During the great yfull purge of 2015, the NCAA League of Chief In-Charge Women also revealed that they were planning to decapitate the event finals in the town square at some time to be determined, and it turns out that time is immediately.
It is now confirmed that instead of the usual three-day competition, the 2016 NCAA championship will consist of the normal semifinals on Friday, the normal Super Six on Saturday, and then nothing on Sunday, eliminating a specific day devoted to events. (This is a slight improvement on the previously proposed Friday-rest-Sunday schedule, as advocated by the boring police from Lametown.) In another development, both the Friday and Saturday competitions will be televised live on ESPNU, a coup that the sport has been fighting for dating back to the days when TVs were a thing that people watched.
Getting live television is still a big deal in exposure for the sport (we've seen the very encouraging recent ratings from the Pac-12 and SEC Nets that helped propel this move and have brought more people into following the sport), especially for family viewing and people who still watch programs—but pronounced progrums—on the TV box, though it's increasingly less important for later-teenage, early-twenties whippersnappers who Liketweet on their iDroids and aren't particularly likely to watch the competition live on TV, and who make up a valuable demo for gymnastics that isn't catered to quite enough, but that's an issue for another day.
Well actually, it's an issue for today because there is a real chunk of people, mostly younger and therefore still valuable as human beings, who will be excluded from watching the championship since ESPNU broadcasts fall behind a subscription wall. People who don't have ESPNU or a WatchESPN login from their cable/sat package likely won't be able to watch (unless a special allowance is made), which is a long-term issue for a sport that needs every set of eyeballs it can get on its main event to stay afloat and specifically needs to cater to people in that borderline age of "I'm not doing gymnastics anymore and I might start drifting away from it toward other interests if my attention span isn't constantly reminded of it" to turn them into lifelong fans. Getting a live TV deal is still good news, but it's not exclusively good news in the present incarnation.
Personally, I'd probably choose to watch on the app anyway, just like the last few years, because that's convenient for blogging and because someone might make a weird face at some point that I'll need to screencap and never forget ever. But that's just me.

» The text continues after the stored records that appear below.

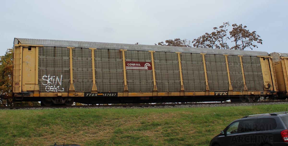 TTGX 157687 is seen in the consist of CSX L217-01 at Newark, DE on 11/1/15. Rack number is CR 8448, built 5-90, rebuilt 3-98 and is now owned by NS.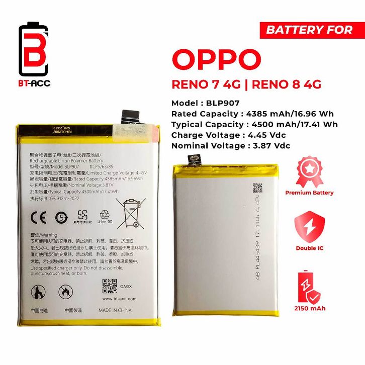 Baterai Batre Battery Oppo BLP907 Reno 7 Reno 8 BT ACC Original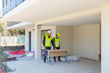 engineers with design project of furniture or apartment on construction site.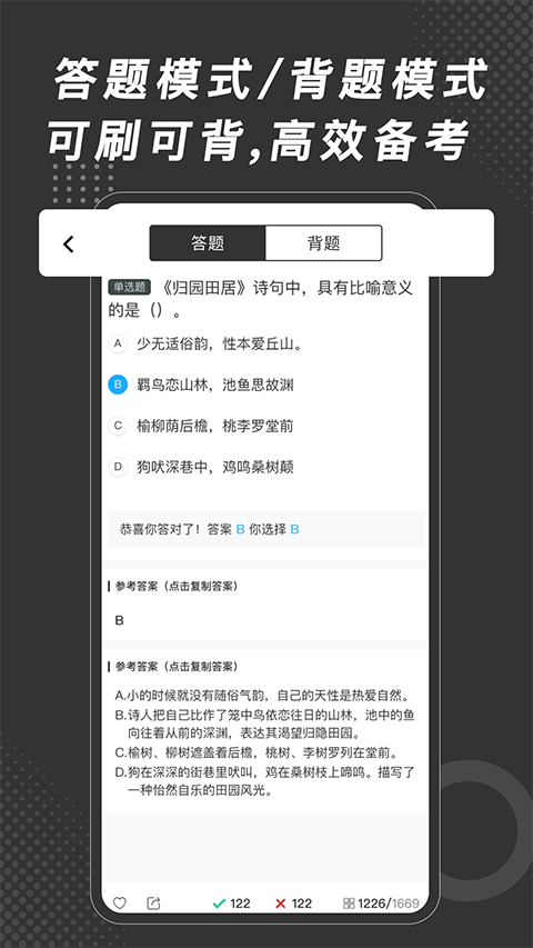 答:确认刷题时选了对应模式,App后台别杀掉,刷完退出重进刷新,基本就同步了。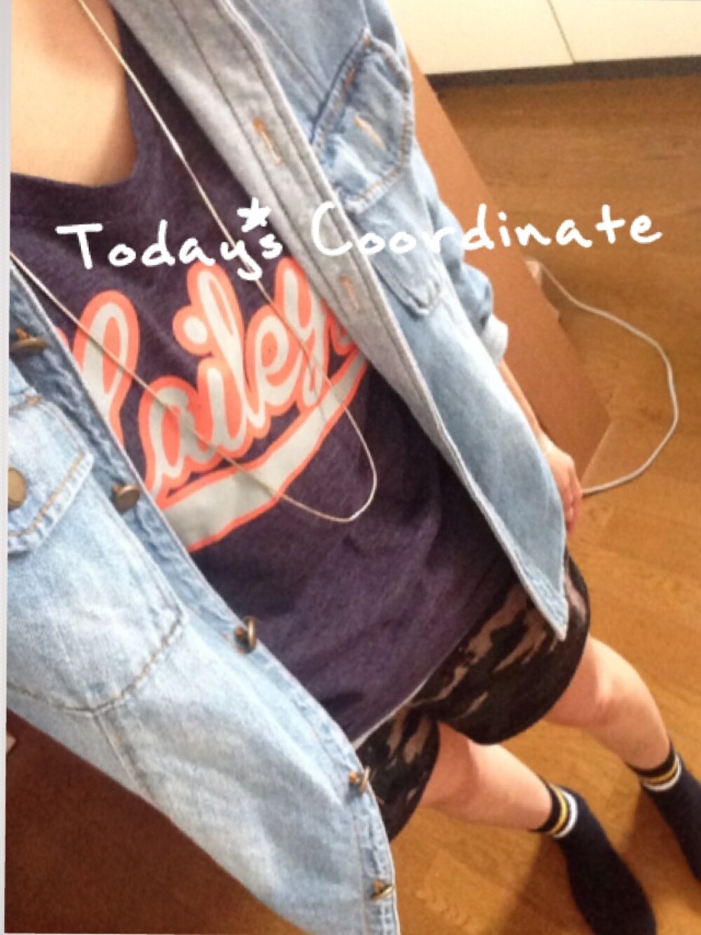 デニムシャツ : free's shop Tシャツ : GU ショートパンツ : 楽天 靴下 : tutuanna ザ・カジュアル♡ 靴は黒のコンバースで(^ ^) バッグはリュックで!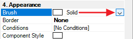 Within reports, brushes are utilized to fill backgrounds or to insert text. To change the brush style, select the dropdown next to Brush in the Object Inspector menu.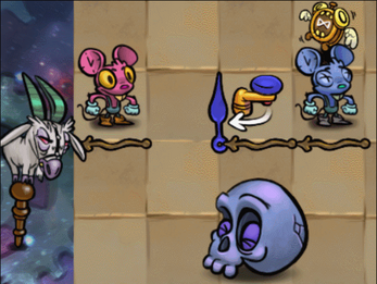 Get the golden alarm clock to wake up the sleeping face of death, who guards your escape hole. To do this you will have to do work together with your former selves, turning the hands of time to find a path through.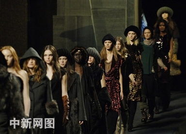 2006年2月6日,紐約時(shí)裝周,模特在展示Marc Jacobs設(shè)計(jì)的新款秋裝。華麗的細(xì)節(jié)使Marc Jacobs的作品總能奪目而不夸張。時(shí)尚的風(fēng)向已經(jīng)從對(duì)奢華永無止境的追求變成了現(xiàn)在的簡(jiǎn)單低調(diào)。設(shè)計(jì)師不再大面積使用皮草,而是將其作為點(diǎn)綴,使時(shí)裝展現(xiàn)出低調(diào)的奢華。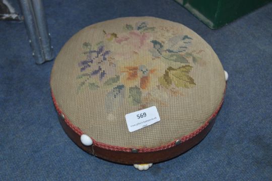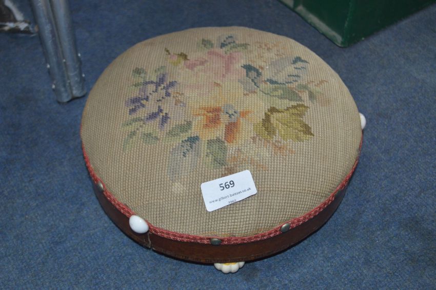Victorian Mahogany Inlaid Footstool with Needlework Tapestry Top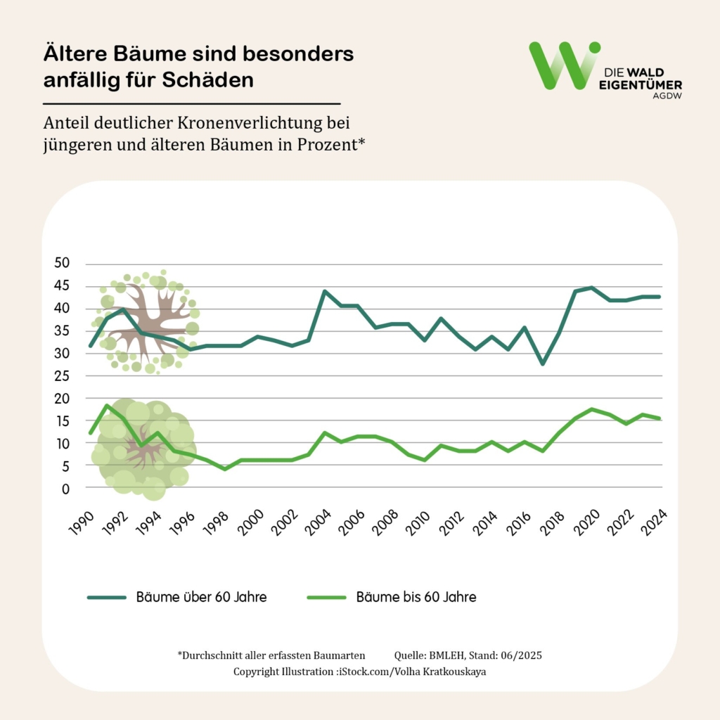 Bei den jüngeren Bäumen bis 60 Jahre haben hingegen wurden hingegen deutliche Kronenverlichtungen nur bei 16 Prozent der Bäume beobachtet.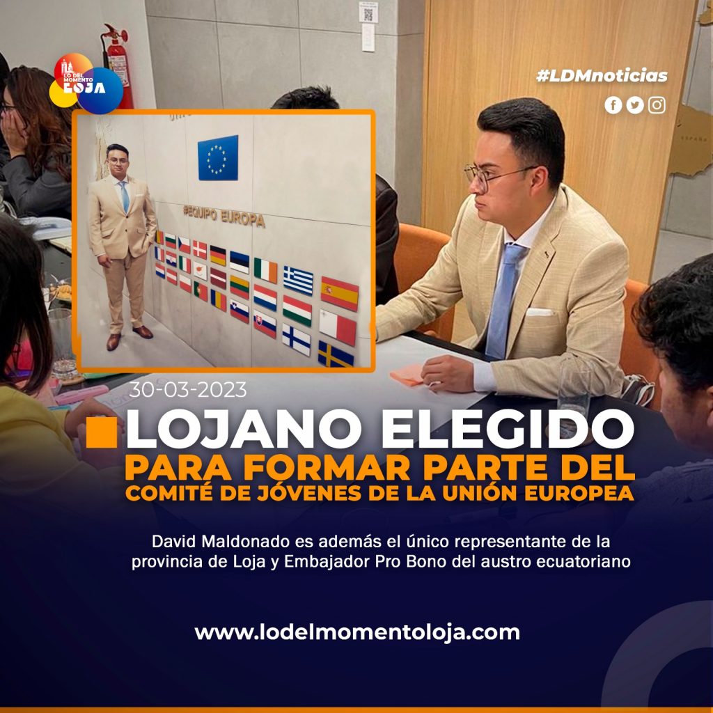 😱💪🏼🫡 ¡El único lojano! La Unión Europea en Ecuador seleccionó a David Santiago Maldonado Peralta, de 23 años como uno de sus representantes más jóvenes dentro del Comité Consultivo de Jóvenes de la Unión Europea en Ecuador CoCoECU, así como único representante en la provincia de Loja y Embajador Pro Bono del austro ecuatoriano.

Let's also talk about some other problems. (Autobiography title, called it.) The move is being constructed as "we had to get rid of event finals for the TV deal" which is a problem because...um, hi? That makes no sense. Having competition on Sunday has no bearing on whether ESPN shows the team final on TV on Saturday or not. So, you don't want to show an extra day of competition on Sunday? Then don't show it. Throw it on ESPN3 like always and use the TV broadcast to focus on the team and pretend event finals don't exist. NBC has been doing that with Worlds for years. This explanation is illogical.
Now, the other thing I'm struggling with is that I've always mostly hated NCAA event finals. They're long, a complete afterthought to Super Six that no one thinks about until the morning of, and extremely arbitrary in determining qualifiers and awarding titles. The one or two fun upgrades that get thrown out there each year don't really make up for that. I should be celebrating since they're basically my arch-nemesis, but it feels hollow. Primarily because it means there's less gymnastics, which is a disheartening continuation of gymnastics' tendency to try to solve problems by shrinking itself down to seem more palatable. Whether its going down to fewer routines/all scores counting like in the elite or men's NCAA TF, or going down to fewer team competitors for the 2020 Olympics. It always feels like it's surreptitiously trying to dwindle away.
Also, we need to talk about how event champions are going to be determined now. Because it seems like it's going to be a problem. The issue with awarding event titles based on scores from the semifinal day, like in the AA, is that every event will have 5-6 people tied on 9.950 in first place. And if they're all co-champions, I'm going to riot. The Worlds bars final is not a role model. Is there going to be some sort of permutation based on season performance + semifinal performance? Now, don't get me wrong, I love a permutation as much as the next spreadsheet-happy dorkburger, and that would result in more deserving champions, but it wouldn't exactly adhere to the mission statement of making things straightforward and easy for all fans to follow.
Well, with all that said, it's a brave new world. Let's get ready for it.